Additionally, the Company sells three and five-year extended warranties for certain link encryption products. The revenue from the extended warranties is deferred and recognized ratably over the contractual term. As of April 3, 2016 and December 31, 2015, the Company had deferred revenue of $413,000 and $495,000, respectively, related to extended warranties.
 
The Company bears insurance risk as a member of a group captive insurance entity for certain general liability, automobile and workers’ compensation insurance programs and a self-insured employee health program. The Company records estimated liabilities for its insurance programs based on information provided by the third-party plan administrators, historical claims experience, expected costs of claims incurred but not paid, and expected costs to settle unpaid claims. The Company monitors its estimated insurance-related liabilities on a quarterly basis. As facts change, it may become necessary to make adjustments that could be material to the Company’s consolidated results of operations and financial condition. The Company believes that its present insurance coverage and level of accrued liabilities are adequate.
 
The Company is involved in certain litigation and contract issues arising in the normal course of business. While the outcome of these matters cannot, at this time, be predicted in light of the uncertainties inherent therein, management does not expect that these matters will have a material adverse effect on the consolidated financial position or results of operations of the Company.
 
The Company has various current and previously-owned facilities subject to a variety of environmental regulations. The Company has received certain indemnifications either from companies previously owning these facilities or from purchasers of those facilities.
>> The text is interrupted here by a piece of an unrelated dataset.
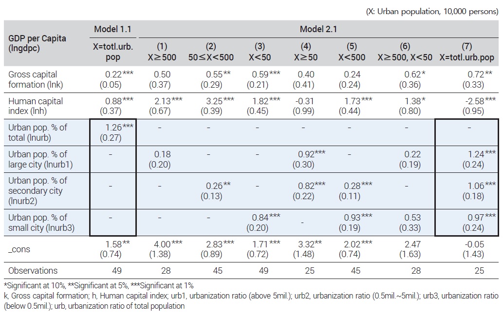 모형 2.1에서 (1)부터 (3)은 도시규모별 도시화의 순효과를, (4)부터 (6)은 도시집적 상호 간 도시화의 연계효과를 파악할 수 있다. 인구가 500만 명 이상인 대도시(1)의 도시화율은 유의확률 범위 내에서 통계적으로 유의하지 않았다. 인구 50만 이상 500만 미만의 중급도시(2)와 50만 미만의 소도시(3)의 도시화율 1% 증가는 각각 1인당 GDP를 0.26%, 0.84%만큼 증가시켰다. (4)는 대도시와 중급도시의 도시화율 변수를 동시에 포함하고 관측치는 25개가 있다. 대도시와 중급도시 도시화율 1% 상승 시, 1인당 GDP는 0.92%, 0.82%씩 증가하였다. 대도시의 도시화 효과를 제거한 (5)에서 도시화율 1% 증가에 따라 중급도시는 0.28%, 소도시는 0.93%만큼 1인당 GDP가 증가했다. 하지만 중급도시의 도시화 효과를 제거한 모형 (6)은 유의한 결과가 도출되지 않았다.

As of April 3, 2016 and December 31, 2015, no amounts were accrued for any environmental matters.
 
As of April 3, 2016, the Company had outstanding purchase commitments of approximately $8,236,000, primarily for the acquisition of inventory and manufacturing equipment.
 
The Company accounts for loss contingencies in accordance with U.S. generally accepted accounting principles (GAAP).  Estimated loss contingencies are accrued only if the loss is probable and the amount of the loss can be reasonably estimated.  With respect to a particular loss contingency, it may be probable that a loss has occurred but the estimate of the loss is within a wide range or undeterminable.  If the Company deems an amount within the range to be a better estimate than any other amount within the range, that amount will be accrued.  However, if no amount within the range is a better estimate than any other amount, the minimum amount of the range is accrued.
 
During the fourth quarter of 2015, the Company gave notification regarding its intention to not renew the lease for its Tampa, FL facility, which will expire on December 31, 2016. During the first quarter of 2016, the Company entered into lease negotiations to extend the current lease for a smaller portion of the facility, but was unable to reach an agreement on the economics of a lease renewal with its current landlord. On May 3, 2016, the Company entered a lease for an alternative facility, which it expects to occupy upon the expiration of the current lease (see Note 17, “Subsequent Events”). The Company, Sypris Electronics and the landlord of the Tampa facility are currently involved in litigation over certain terms of the lease (see Item 1, “Legal Proceedings”). As such, it is reasonably possible that the Company may be required to make certain repairs to the current facility upon exit. The current estimate of the Company’s reasonably possible loss contingency is from no liability to $4,000,000. While the Company intends to vigorously dispute these claims, the Company accrued $500,000 during the three months ended April 3, 2016 related to its estimated potential obligation under the lease. This accrual is included in accrued liabilities in the Company’s consolidated balance sheet as of April 3, 2016.